Setting Up the Future
Similar to the above, we will see the fruition of the Borg threat in a forthcoming episode.
• The Zakdorn guy is pretty funny right from the get-go, but I’m not really sure if it works or not.
• Interesting character bit with Worf, trying to make a model ship. It’s funny, but a bit surprising.
• Picard declares that the leader of an Away Team has absolute authority over a mission. I’ve never thought about that before, but it makes sense, and is consistent with Picard’s command style.
• Some good lines in this story. Kolrami says, insultingly about Riker, “An opponent of limited dimensions can often be quite diverting.”
• A good Worfism: “If there is nothing to lose, no sacrifice, than there is nothing to gain.”
• “What is the Zakdornian word for mismatch?” Kolrami is asked. “Challenge.”

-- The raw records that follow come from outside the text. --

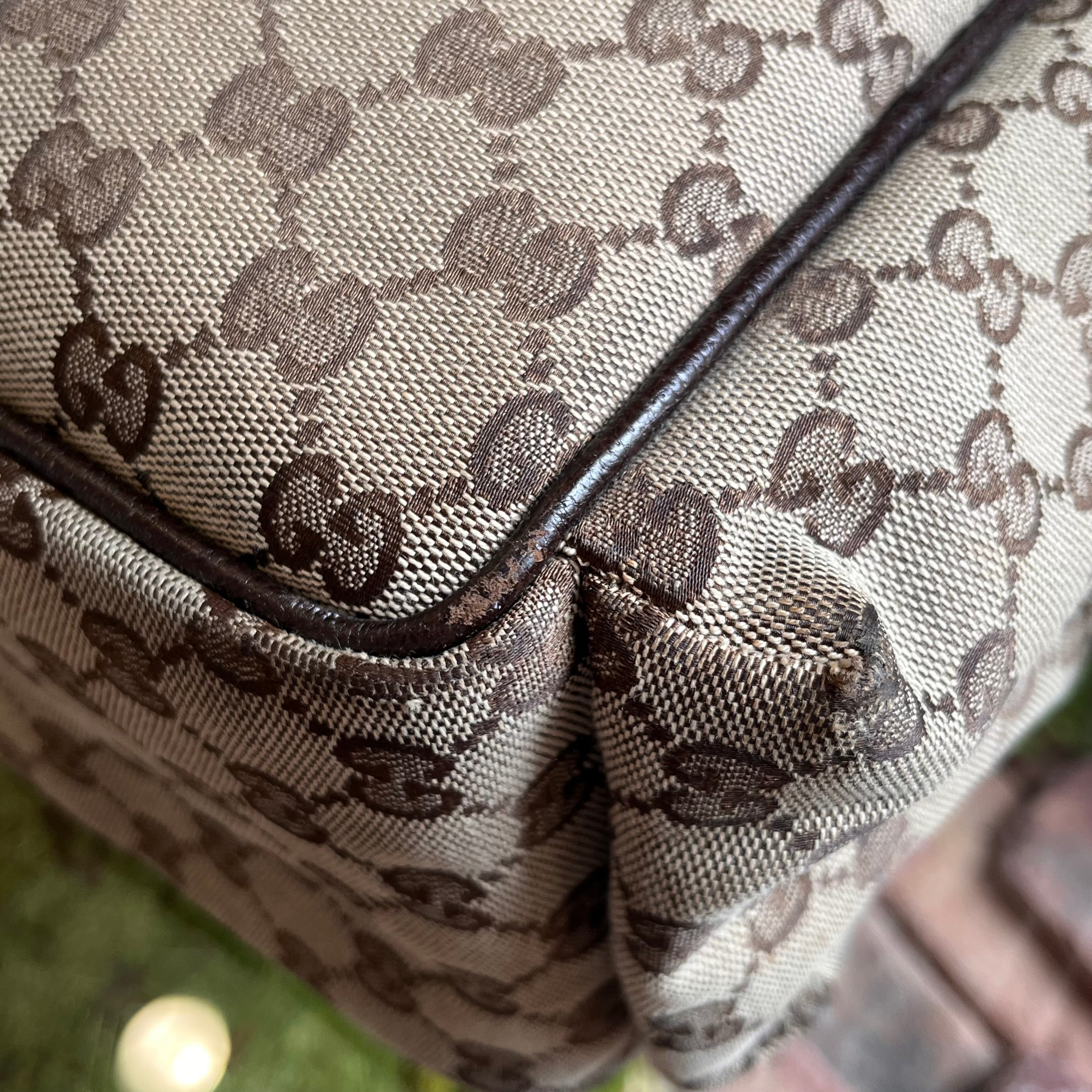 - Exterior: The exterior is gorgeous and supple with heavy scuffing, darkening, fraying, heavy rubbing and marks. Overall it's in very good condition.
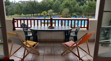 Apartamento para 4 personas (+ 2 camas mediante sofá cama en el salón), terraza de 13 m2 (mesa, sillones, tumbonas) frente a la piscina y el campo de golf.
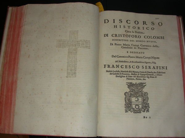 DELL’HISTORIA ECCLESIASTICA DI PIACENZA di. Nella quale si spiegano le attioni de’ Santi, Beati e Vescovi della sudetta città, l’antichissima immunità e giurisdittione dell’istessa Chiesa con le fondationi di molti luoghi sacri, le varie donationi e gratie riportate da Sommi Pontefici, Imperadori, Re e Principi. Si fà mentione di molte famiglie, huomini illustri, e maggiori successi. Si racconta l’origine de’ nomi de’ villaggi, terre, e castella sì del Piacentino, come di Stati forestieri. E nel fine l’Historia vera circa l’origine, e nascita di Cristoforo Colombo piacentino scopritore del Nuovo Mondo.

• Picard rightly cuts through all the nonsense with Data, reminding him of his duty. Simple wisdom that Data should have already known, but wisdom nonetheless: “And Commander, it is possible to commit no mistakes and still lose. That is not a weakness. That is life.”
• Funny moment with Geordi when he hears the idea of pretending his ship is destroyed by a photon torpedo attack: “I think I hate this plan.”
Dialogue High Point
I enjoy hearing Picard’s spirited defense of Commander Riker. The best bit is
The test is whether the crew will follow where Commander Riker leads. His joviality is the means by which he creates that loyalty. And I will match his command style with your statistics any time.